The agency says the plane, Southwest Airlines Flight 147, went off course at the Queens hub around 1 p.m. Saturday, March 23, as strong storms rolled through the area. An air traffic controller told the crew to perform a go-around at LaGuardia Airport, which is when an approaching flight aborts its landing procedure and gets back in the queue.

The flight ended up diverting to Baltimore/Washington International Thurgood Marshall Airport. It landed safely.

No injuries were reported.

Southwest confirmed the diverted landing in a statement, saying the flight had encountered turbulence and low visibility at LaGuardia. It returned to LaGuardia after a brief layover in Baltimore.

"We are reviewing the event as part of our Safety systems," a spokesperson for the airline said.

Aviation experts say with congested skies, along with relatively short runways and sometimes rough weather conditions, LaGuardia has a relatively solid safety record.

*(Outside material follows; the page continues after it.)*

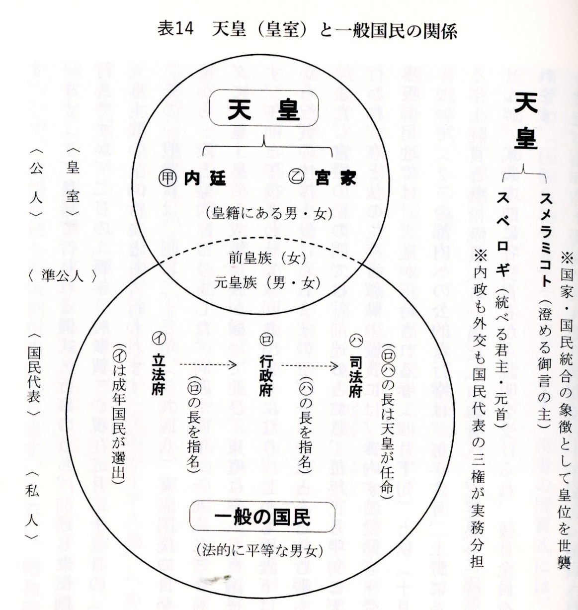 B ついで「皇族」は、大別して二種類の重要な役割がある。その一つは㋩皇統に属する皇族として皇位を継承し天皇の大任を担い果たされることである。もう一つは㋥皇族として品位を持ちながら天皇を支え助けると共に公務を分担することである。このうち、現在㋩に関しては、「男系の男子」に限られ、結婚により皇室に入る后妃だけでなく、皇室において生まれ育った皇族女子も資格を認められていない。
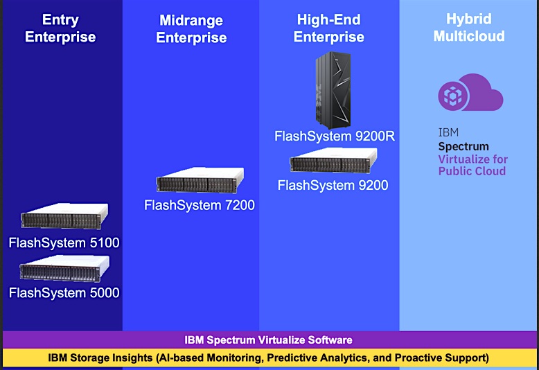 Die Abbildung zeigt das aktuelle IBM Flash Storage Angebot (Bildquelle: IBM).

The National Transportation Safety Board (NTSB) launched an investigation into close calls at U.S. airports last fall, noting a surge in such incidents -- six close calls in 2023 alone. The FAA identified 23 of the most serious types of close calls in the last fiscal year, which ended Oct. 1, up from 16 the year before and 11 a decade ago.

Independent estimates suggest those figures grossly understate such incidents.

A particularly scary one occurred in February 2023 in Austin, Texas. During poor visibility in the early morning hours, a FedEx cargo plane preparing to land flew over the top of a Southwest Airlines jet that was taking off. The NTSB has estimated that they came within about 100 feet of colliding.

An air traffic controller had cleared both planes to use the same runway. In other recent incidents, pilots appeared to be at fault. The latter included an incident at JFK Airport in January 2023.

The pilots of an American Airlines plane taxied across the wrong runway — into the path of another jetliner that was taking off — after the captain became distracted and confused about takeoff instructions and the co-pilot lost track of their plane's location, according to documents released earlier this year as part of an ongoing investigation.